The data should be written out in full, exactly as it stands, and the pictures dropped.

╭─ Data for analysis

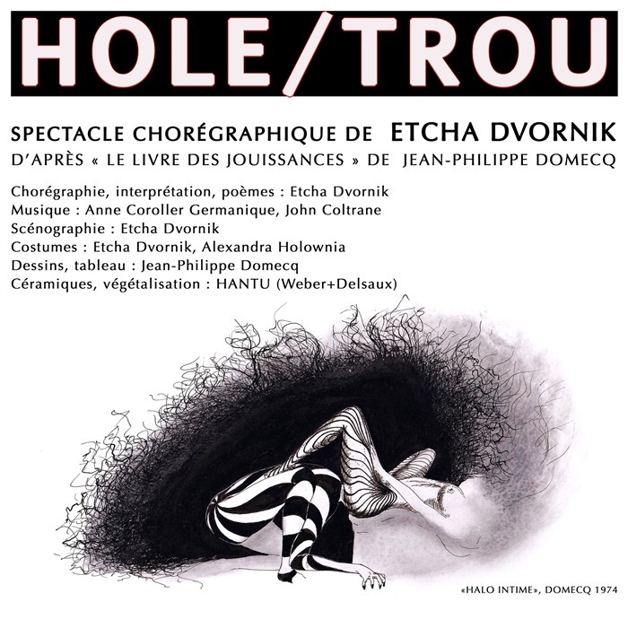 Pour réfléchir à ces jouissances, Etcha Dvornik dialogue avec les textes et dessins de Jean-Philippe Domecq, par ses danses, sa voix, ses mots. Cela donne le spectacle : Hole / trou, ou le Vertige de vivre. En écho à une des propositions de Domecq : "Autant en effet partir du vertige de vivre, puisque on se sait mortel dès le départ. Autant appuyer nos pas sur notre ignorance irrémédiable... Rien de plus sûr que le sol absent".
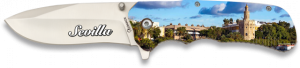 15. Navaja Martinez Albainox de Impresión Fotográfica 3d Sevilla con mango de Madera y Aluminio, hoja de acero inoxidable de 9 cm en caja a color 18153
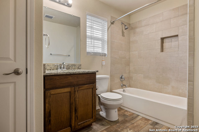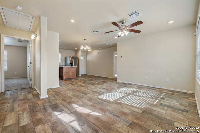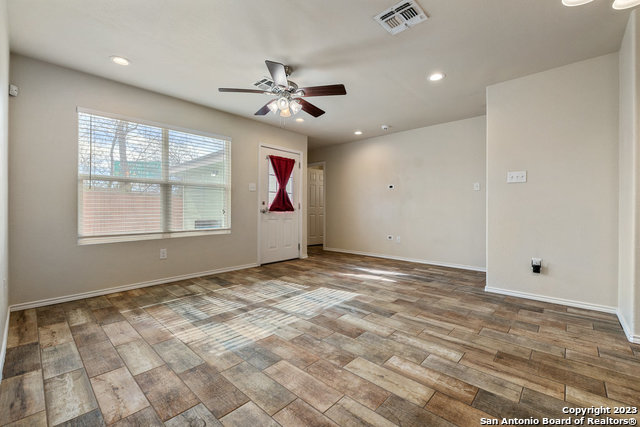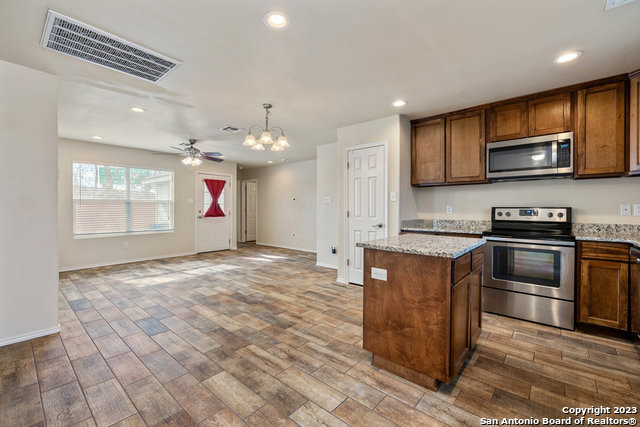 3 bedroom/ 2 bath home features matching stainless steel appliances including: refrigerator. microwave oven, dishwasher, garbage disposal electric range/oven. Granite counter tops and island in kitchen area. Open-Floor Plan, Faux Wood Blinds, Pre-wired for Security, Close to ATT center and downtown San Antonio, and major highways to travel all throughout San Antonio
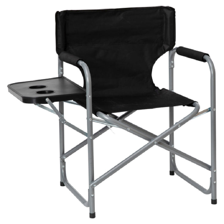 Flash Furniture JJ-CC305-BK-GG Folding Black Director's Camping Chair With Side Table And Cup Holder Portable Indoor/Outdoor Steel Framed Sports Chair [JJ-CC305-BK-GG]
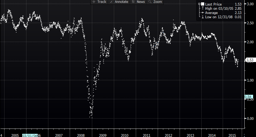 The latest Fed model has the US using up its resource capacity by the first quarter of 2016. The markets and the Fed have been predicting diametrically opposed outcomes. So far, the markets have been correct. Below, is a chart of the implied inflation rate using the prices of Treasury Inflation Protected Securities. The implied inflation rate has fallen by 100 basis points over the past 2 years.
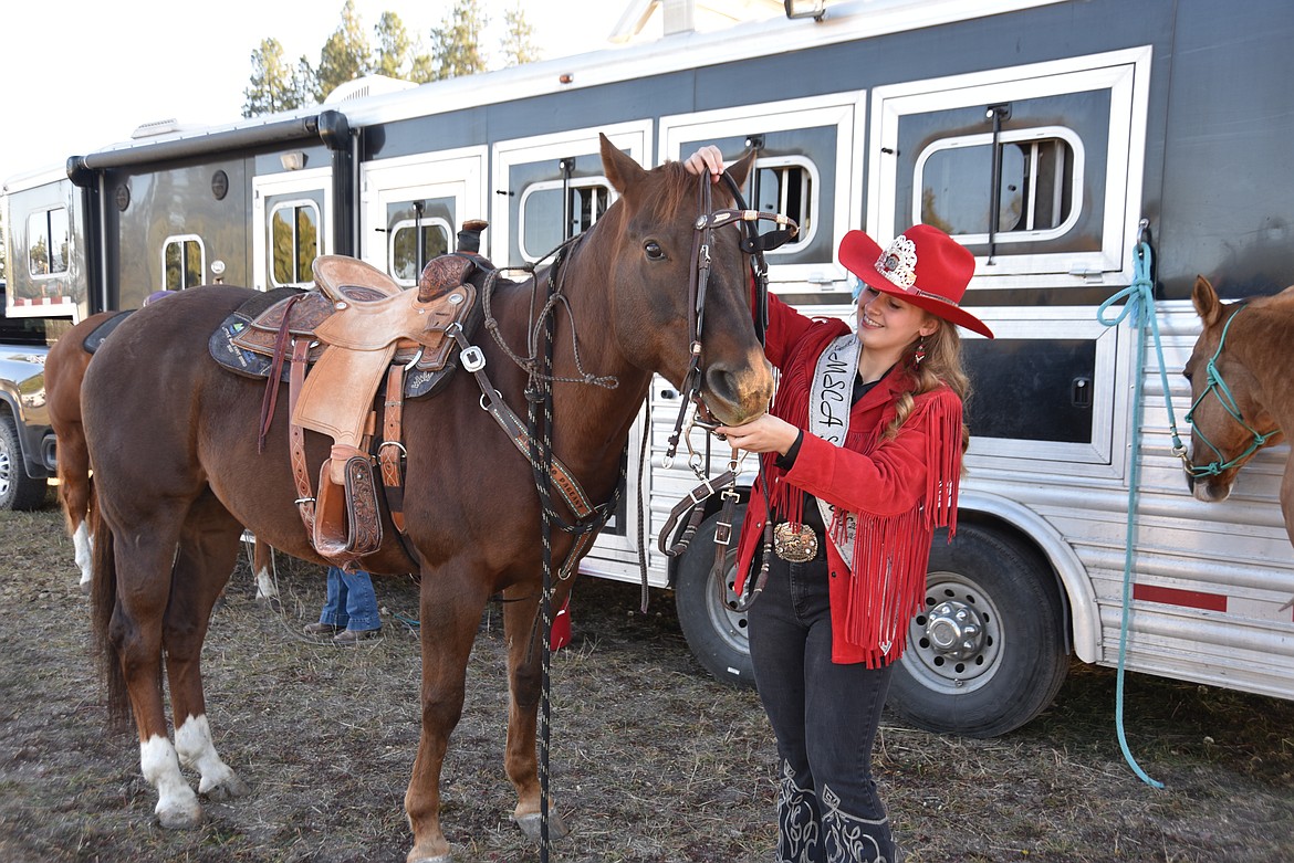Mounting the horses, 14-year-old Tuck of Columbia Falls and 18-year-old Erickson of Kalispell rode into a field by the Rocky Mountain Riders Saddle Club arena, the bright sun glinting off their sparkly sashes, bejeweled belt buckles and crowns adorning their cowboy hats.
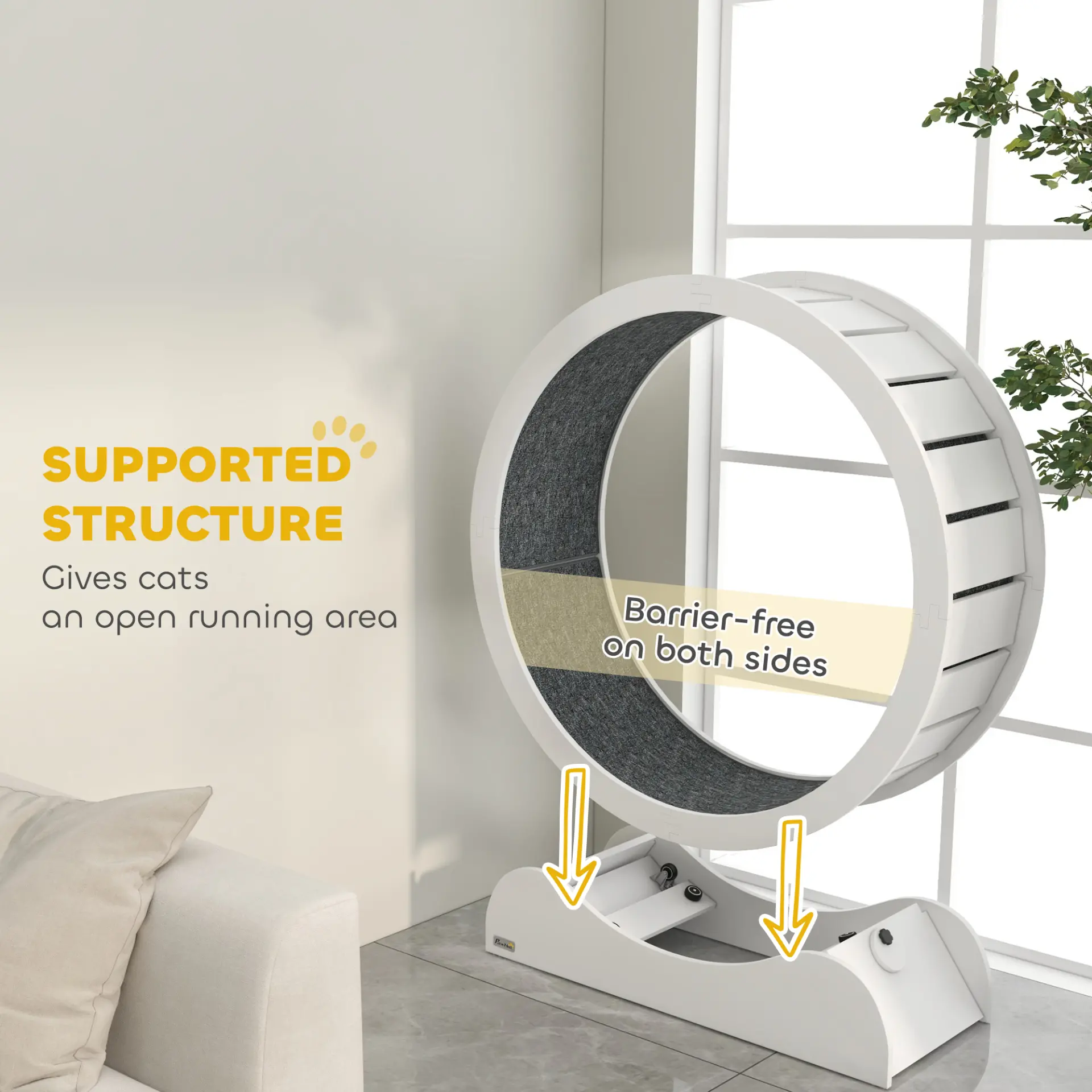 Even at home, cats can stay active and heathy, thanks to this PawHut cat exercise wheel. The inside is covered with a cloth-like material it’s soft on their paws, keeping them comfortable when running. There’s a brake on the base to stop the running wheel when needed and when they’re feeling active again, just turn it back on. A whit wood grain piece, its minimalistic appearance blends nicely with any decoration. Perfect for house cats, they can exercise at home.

╰─

■ **Task response**:
 Pour réfléchir à ces jouissances, Etcha Dvornik dialogue avec les textes et dessins de Jean-Philippe Domecq, par ses danses, sa voix, ses mots. Cela donne le spectacle : Hole / trou, ou le Vertige de vivre. En écho à une des propositions de Domecq : "Autant en effet partir du vertige de vivre, puisque on se sait mortel dès le départ. Autant appuyer nos pas sur notre ignorance irrémédiable... Rien de plus sûr que le sol absent".
 15. Navaja Martinez Albainox de Impresión Fotográfica 3d Sevilla con mango de Madera y Aluminio, hoja de acero inoxidable de 9 cm en caja a color 18153
 3 bedroom/ 2 bath home features matching stainless steel appliances including: refrigerator. microwave oven, dishwasher, garbage disposal electric range/oven. Granite counter tops and island in kitchen area. Open-Floor Plan, Faux Wood Blinds, Pre-wired for Security, Close to ATT center and downtown San Antonio, and major highways to travel all throughout San Antonio
 Flash Furniture JJ-CC305-BK-GG Folding Black Director's Camping Chair With Side Table And Cup Holder Portable Indoor/Outdoor Steel Framed Sports Chair [JJ-CC305-BK-GG]
 The latest Fed model has the US using up its resource capacity by the first quarter of 2016. The markets and the Fed have been predicting diametrically opposed outcomes. So far, the markets have been correct. Below, is a chart of the implied inflation rate using the prices of Treasury Inflation Protected Securities. The implied inflation rate has fallen by 100 basis points over the past 2 years.
Mounting the horses, 14-year-old Tuck of Columbia Falls and 18-year-old Erickson of Kalispell rode into a field by the Rocky Mountain Riders Saddle Club arena, the bright sun glinting off their sparkly sashes, bejeweled belt buckles and crowns adorning their cowboy hats.
 Even at home, cats can stay active and heathy, thanks to this PawHut cat exercise wheel. The inside is covered with a cloth-like material it’s soft on their paws, keeping them comfortable when running. There’s a brake on the base to stop the running wheel when needed and when they’re feeling active again, just turn it back on. A whit wood grain piece, its minimalistic appearance blends nicely with any decoration. Perfect for house cats, they can exercise at home.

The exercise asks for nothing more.